Shaban-i Veli (Şaban-ı Veli) also written as Sha’ban Wali (d. 976 AH/1569 AD), was an Ottoman Sufi saint from Kastamonu, and founder of the Shabaniyya branch of the Khalwatiyya order. He was trained under and was a murid (disciple) of Hayreddin Tokadi of Bolu.

==Biography==
He was born in Taşköprü district of Kastamonu. An important part of the information about his life is based on the work of Ömer Fuâdî, the fifth sheikh of Şaban-ı Velî Dergah, named Menâkıb-ı Şerîf-i Pir-i Halveti Hazret-i Şa'bân-ı Veli. Ömer Fuadi does not give information about his date of birth. In recent sources, the years 902 (1497) and 905 (1499-1500) are mentioned for his birth. It is claimed that he was born in 886 AH (1481 AD) based on a record in a recent Shabani license (icâzetnâme), and it is stated that the same date is given in a series found in the Şaban-ı Velî Museum. Shaban-i Veli lost his mother and father at a young age and was adopted by a sissy (hanım evladı). After completing his primary education in Taşköprü, he studied tafsir and hadith and received his license from Hodja Veli son of Osman, buried in the Abdürrezzak Mosque Tomb in Kastamonu. Later, he went to Istanbul for his studies and stayed at one of the madrasas in Fatih district (Constantinople). Available information points to this school being the Karadeniz Bashkirsunlu Madrasa, where he studied sacred sciences such as the Qur'an, tafsir and hadith for nine years, and was appointed to the posts of sheikh and lecturer at Eyüp Mosque. This info is not included in the old sources.
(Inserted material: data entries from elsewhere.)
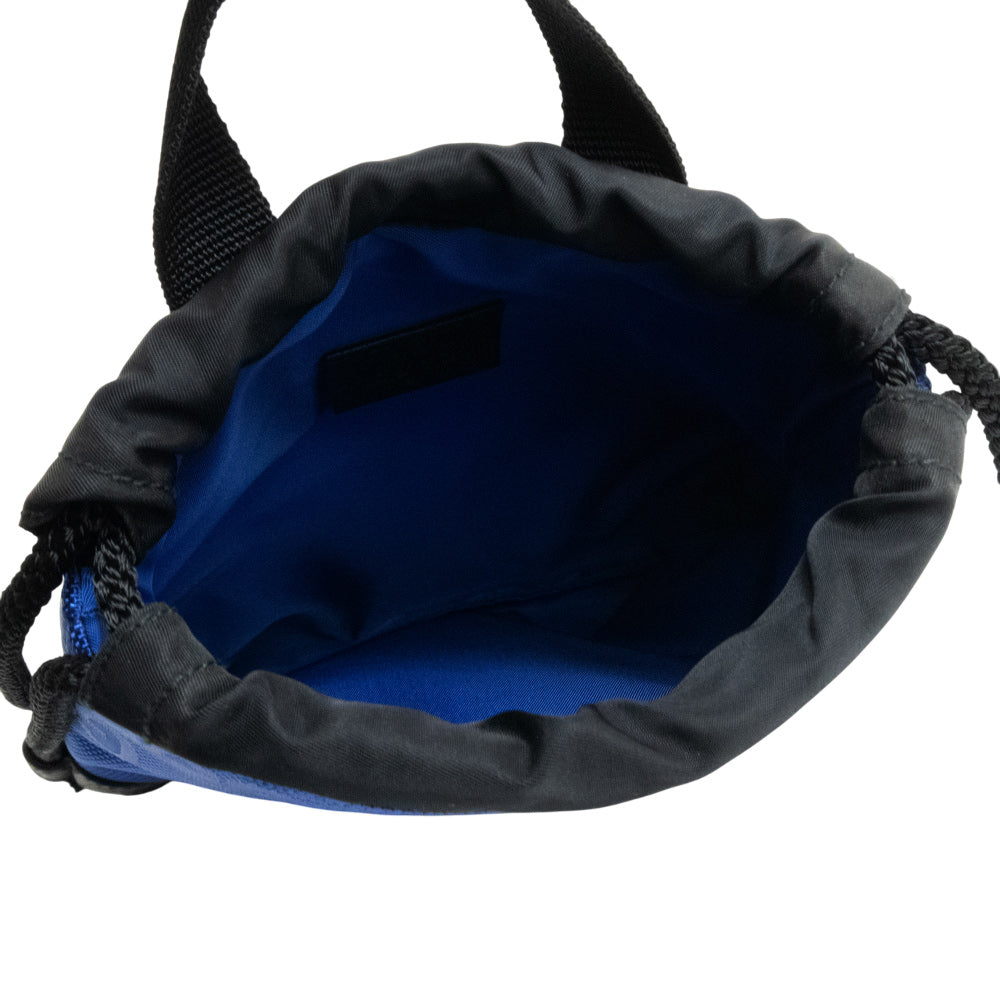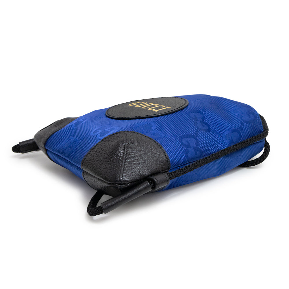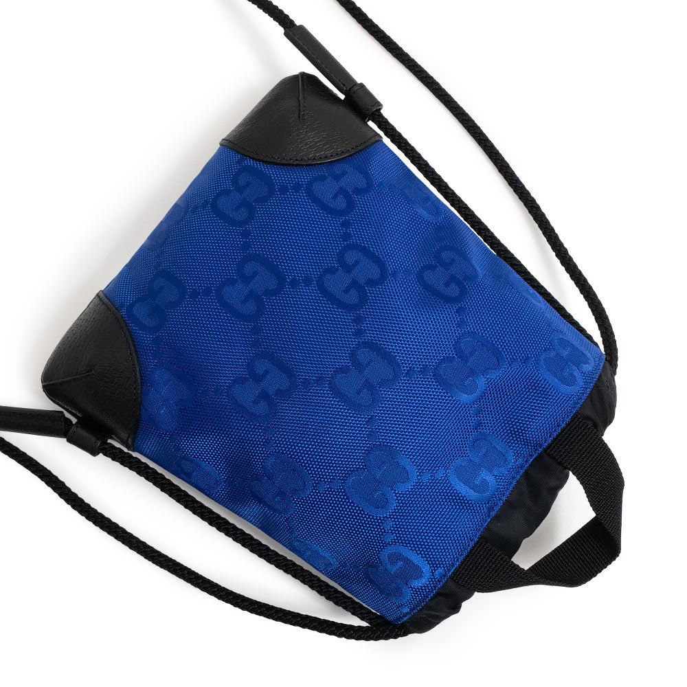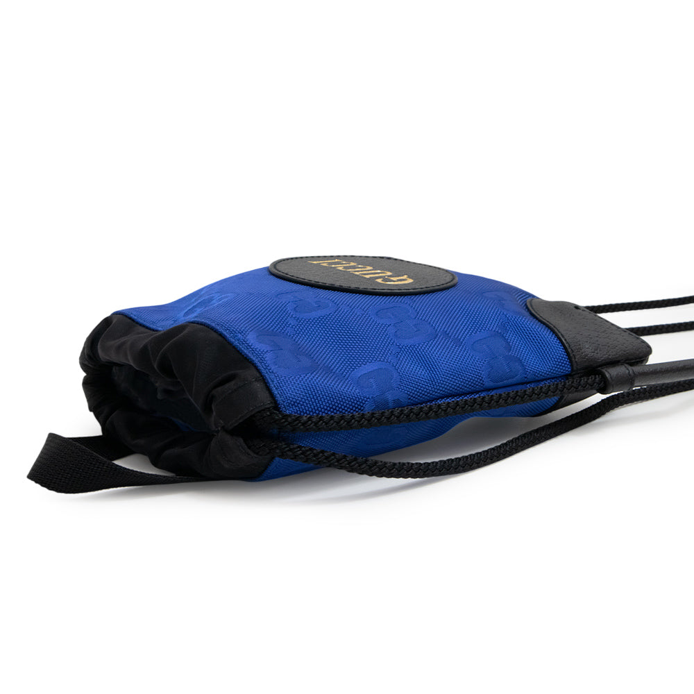 グッチのサステナビリティに対する取り組みの一環として、リサイクル素材を採用したアクセサリー&ウェア コレクション「グッチ オフ ザ グリッド」。鮮やかなブルーのベースにGGパターンを描き出した生地と環境に配慮した素材が使用されています。出し入れがしやすいドローストリング開閉です。 |
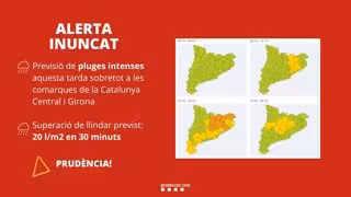Protecció Civil de la Generalitat ha activado este sábado la alerta del plan Inuncat ante la previsión de lluvias que pueden ser intensas a partir del mediodía y hasta la noche en muchas comarcas catalanas, especialmente en las centrales y las de la provincia de Girona.
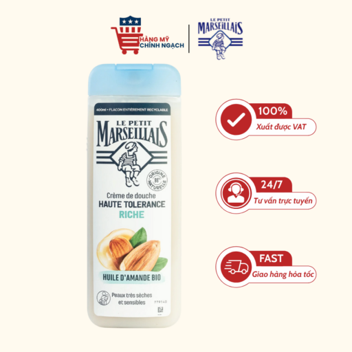 Sữa Tắm Hữu Cơ 98% của Pháp Dịu Nhẹ Sáng Hồng Da Le Petit Marseillais Hương Hạnh Nhân 400ml
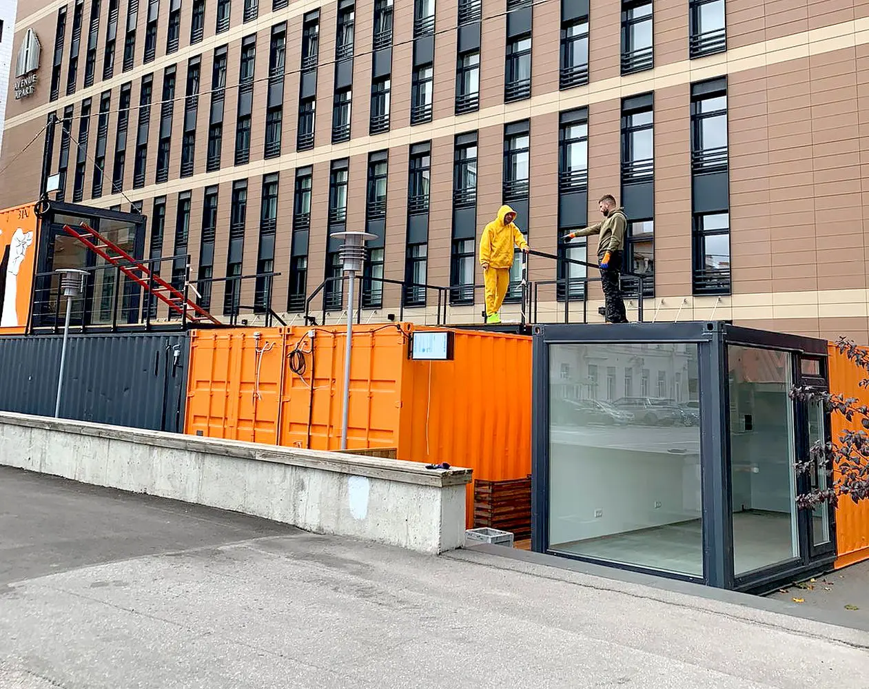 Возможно объединение контейнеров стяжными болтами и креплениями, а также изменение конструкции стандартного кафе из контейнера: демонтаж распашных дверей, устройство оконных и дверных проёмов, устройство откидных козырьков над окнами на петлях, монтаж террасы, выполненной по аналогии с конструкцией контейнера, имеющей подъёмно-опускной механизм. Наружный контур строения выполнен из металла. Стены, пол и потолок утеплены утеплителем толщиной 50 мм. Изнутри выполнена отделка деревом. Оконные заполнения — двухкамерный стеклопакет. Дверные заполнения — металл.
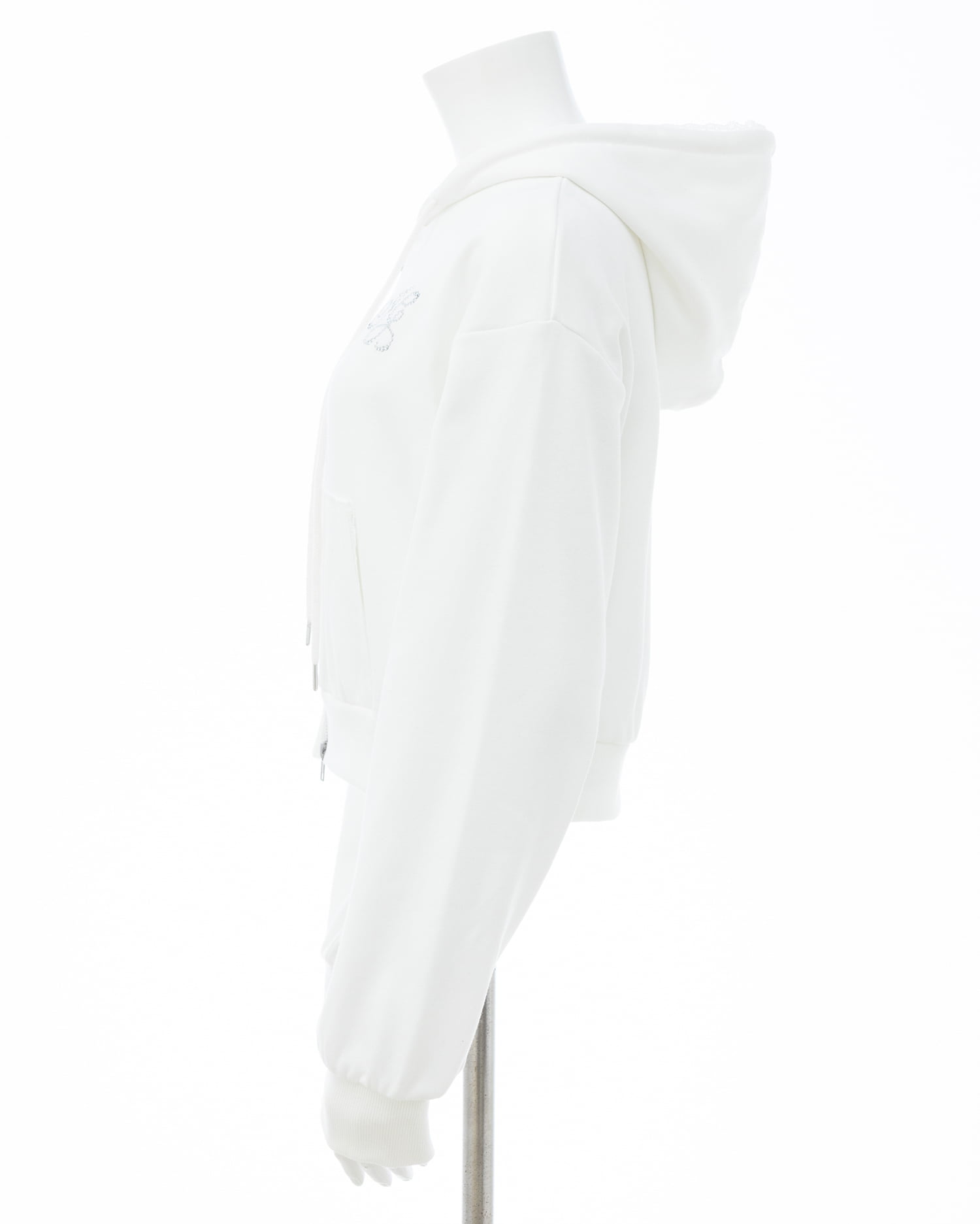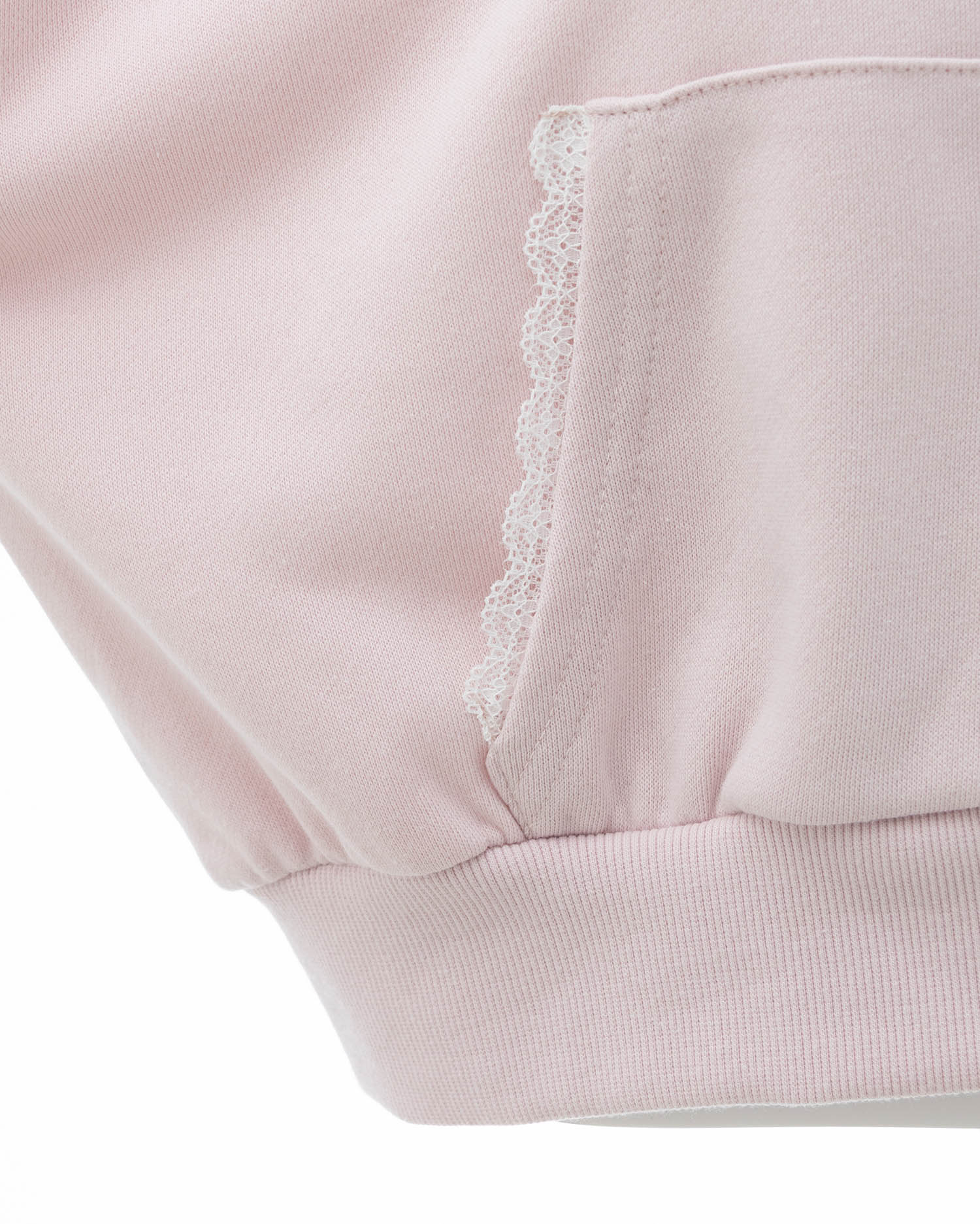 フードやポケット部分にレースをあしらって

Along with Ömer Fuâdî, one of the Shabani sheikhs, Ibrahim Has written a menâkıbnâme about Shaban-i Velî, which he called Tezkiretü'l-Has. The last sheikh of the Shabân-ı Veli Dergah, Mehmed Ataullah Efendi (Armay), wrote an addendum to Ömer Fuâdî's Menâkıbname. As the Halvetiyye is the most branched order, the Shabaniyya order within it is the most common order with many branches. Shabaniyya was present in a very wide geography from Anatolia, the Balkans, Iraq, Syria and the Hejaz to the interiors of India and Africa.

==The Four Poles of Anatolia==
Shaban-i Veli is accepted as one of the four poles (aqtab) of Anatolia by all tariqa circles, the others being Mawlana Rumi, Haji Bektash Veli, and Haji Bayram Veli.